BRISBANE - The family of a young boy whose throat was eaten away by a battery he swallowed are urging parents to be aware of toys powered by the bright, shiny button-shaped batteries this Christmas.
One-year-old Hunter Cheshire from Deception Bay, north of Brisbane, swallowed the battery in April when his parents weren't looking.
It became stuck in his voice box and began to leak acid, burning a hole in his windpipe and causing serious damage to his organs.
He was suffering a cold at the time and his family only realised there was a real problem a week later when he began dry retching and vomiting.
An x-ray was done at the Royal Children's Hospital in Brisbane, and Hunter was taken in for emergency surgery to remove the battery, but the damage was already done.
"His bodily fluids were leaking into his windpipe, which was getting into his lungs and filling them up," Hunter's father Jason Cheshire said at hospital yesterday.
A second, dangerous surgery was done about three weeks later to sew Hunter's stomach and throat closed.
"He didn't have much chance of living at all.
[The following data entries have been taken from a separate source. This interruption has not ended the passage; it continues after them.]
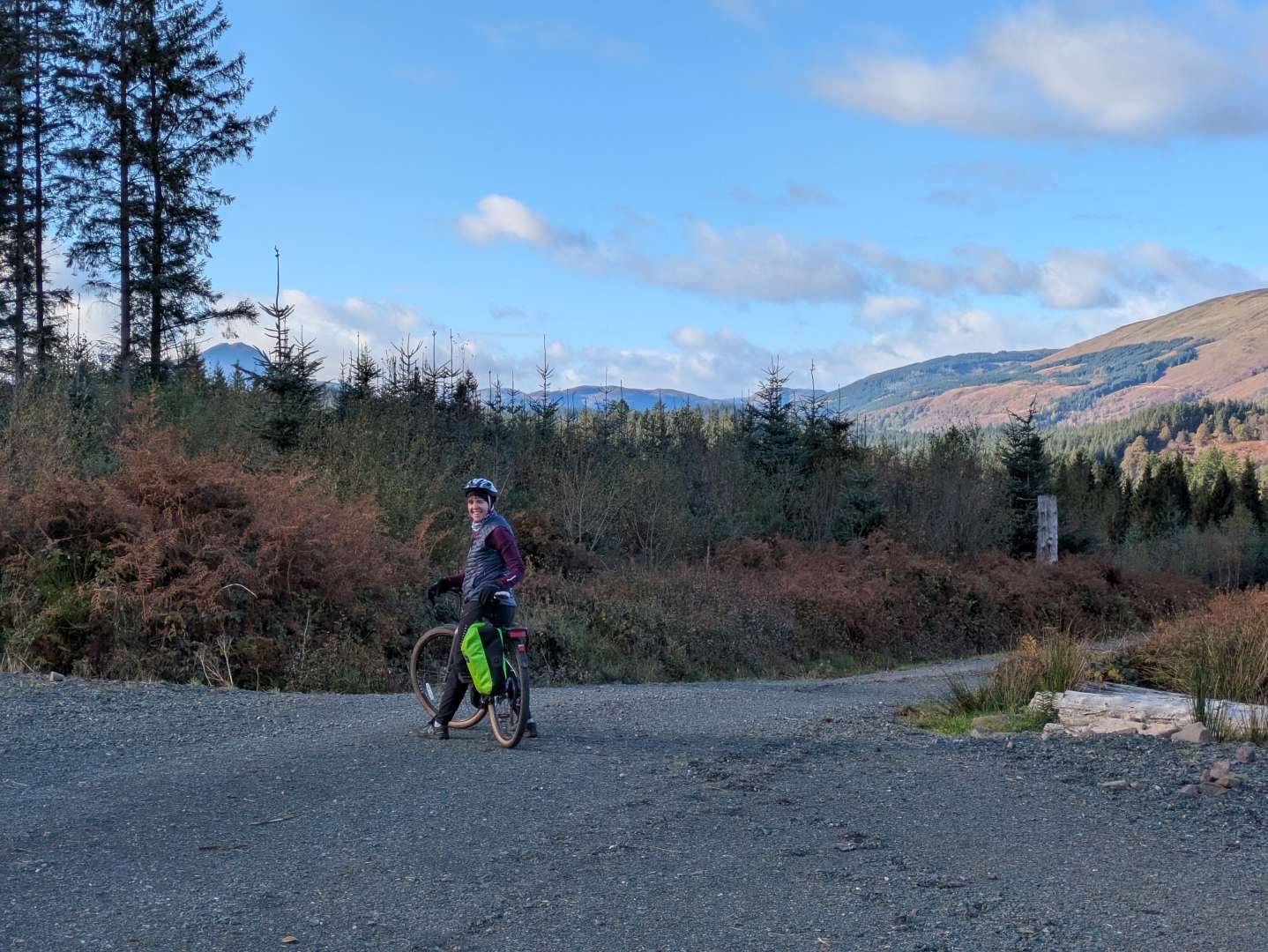 Quiet roads and gravel from Aberfoyle to Drymen for lunch and back to Aberfoyle. The annual chase the non cyclist on her bike ride.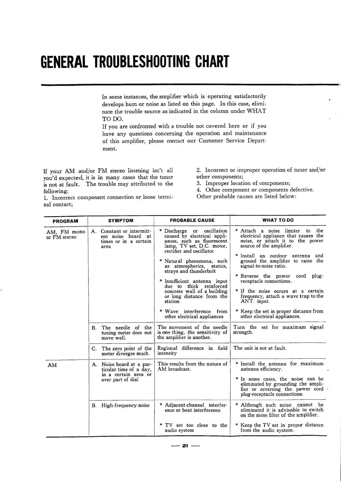 Sansui TU-666 - General Troubleshooting Chart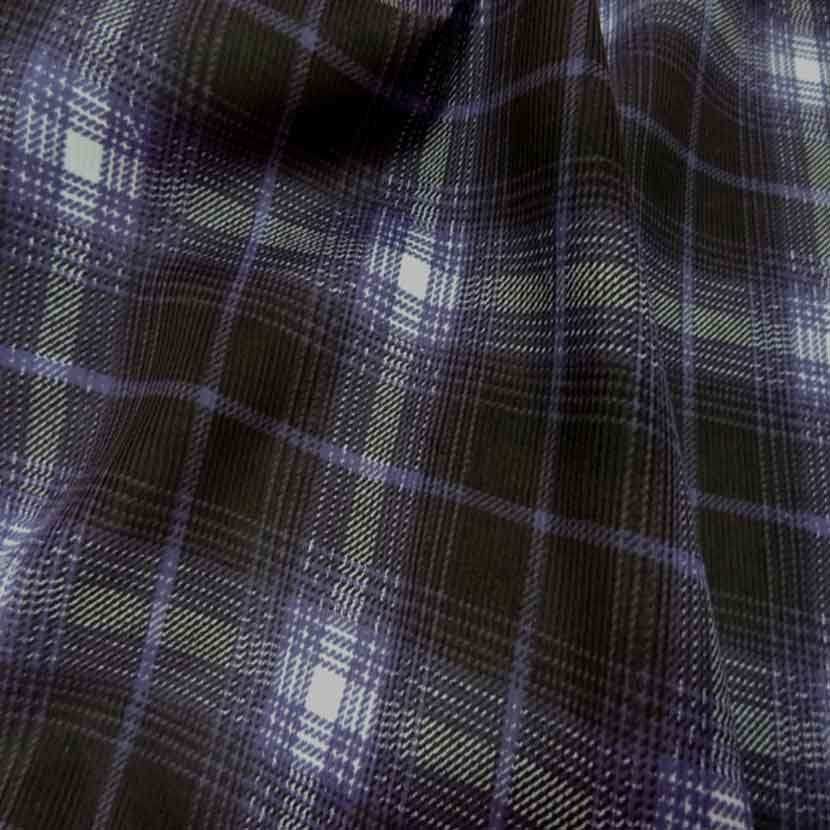 velours milleraies marron a carreaux violet , c est un velours milleraies pas très épais avec peu de tenue et assez souple . il pourrait convenir pour faire des vêtements déco etc...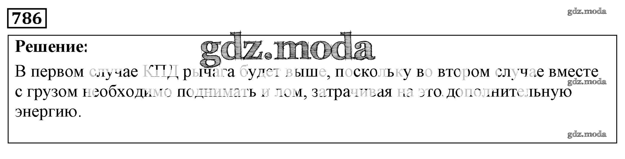 ОТВЕТ на задание № 786 Сборник задач по Физике 7-9 класс Лукашик

To see him nearly die in front of us really shocked us."
He is now fed through a tube to his stomach and has a hole in his neck to drain saliva.
He'll go in for a third surgery today to repair his windpipe.
Dr Katie Tinning said Hunter would have to undergo a surgery every six to 12 months to stretch his oesophagus.
"We hope he will have a normal life and will be able to eat through his mouth ... but he will have ongoing complications for the rest of his life."
On average, between two and three children are rushed to Queensland Health emergency departments every day after having swallowed foreign objects such as batteries, magnets, sinkers, safety pins and wire.
Since July last year, more than 1200 children under 14 have been taken to public hospitals in Queensland with ingestion-related injuries.